Identification of particles and anti-particles

Good question. It's nice to see somebody thinking about physics. Shame it's an old question, but hey ho, it's never too late for physics.

The identification of an electron as a particle and the positron as an antiparticle is a matter of convention. We see lots of electrons around us so they become the normal particle and the rare and unusual positrons become the antiparticle.

Yes. It's a matter of convention. Not a matter of particle properties. Think of a 2 x 2 table and list the properties of the electron, the positron, the antiproton, and the proton.

My question is, when you have made the choice of the electron and positron as particle and anti-particle does this automatically identify every other particle (every other fermion?) as normal or anti?

No. Not unless you do physics "by convention" instead of looking at the hard scientific evidence.

For example the proton is a particle, or rather the quarks inside are.

Forget about the quarks.

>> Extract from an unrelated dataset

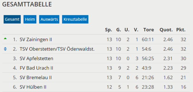 Noch knapper ging es in manchen B-Ligen zu. In der Staffel 2 hatte der FC Dottingen-Rietheim den gleichen Quotienten (2,62) wie Spitzenreiter SGM Honau/Holzelfingen, aber eine um 15 Tore schlechte Tordifferenz. Noch knapper ging es in Staffel 1 zu, wo die SGM Oberstetten/Ödenwaldstetten mit dem gleichen Quotienten (2,46) wie der SV Zainingen II nur um ein Tor schlechter war. Doch die Zaininger verzichteten auf den Aufstieg, weil schon ihre erste Garde in der Münsinger A-Liga spielt. So folgte wenigstens bei Oberstetten/Ödenwaldstetten auf die erste Enttäuschung doch noch die Freude über den Aufstieg. (GEA)
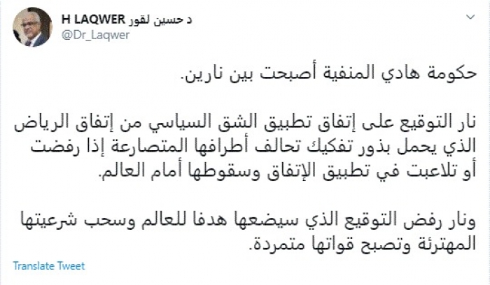 وكتب في تغريدة عبر "تويتر" رصدها "المشهد العربي": "حكومة هادي المنفية أصبحت بين نارين".

We've never seen a free quark:

Image credit CSIRO, see The Big Bang & the Standard Model of the Universe

Let's stick with hard scientific evidence. Let's focus on the four stable massive particles. One of which is the proton.

By considering the interactions of an electron with a quark inside a proton can we find something, e.g. a conserved quantity, that naturally identifies that quark as a particle rather than an antiparticle?

No.

Or do we also just have to extend our convention so say that a proton is a particle rather than an antiparticle?

No we don't have to. Of course, we could, and then we could wail about the mystery of the missing antimatter. We could sweep lepton asymmetry under the rug and marvel at baryon asymmetry, and put it on the cover of magazines.

To complete the family I guess the same question would apply to the neutrinos.

Forget the neutrino. People classify the neutrino as a lepton "by convention" instead of looking at the hard scientific evidence. The neutrino moves at c or so close to c that you can't tell the difference. Its mass is so close to zero that you can't tell the difference, and so is its charge. Let's see now, what particle does that remind you of? Ah, the electron!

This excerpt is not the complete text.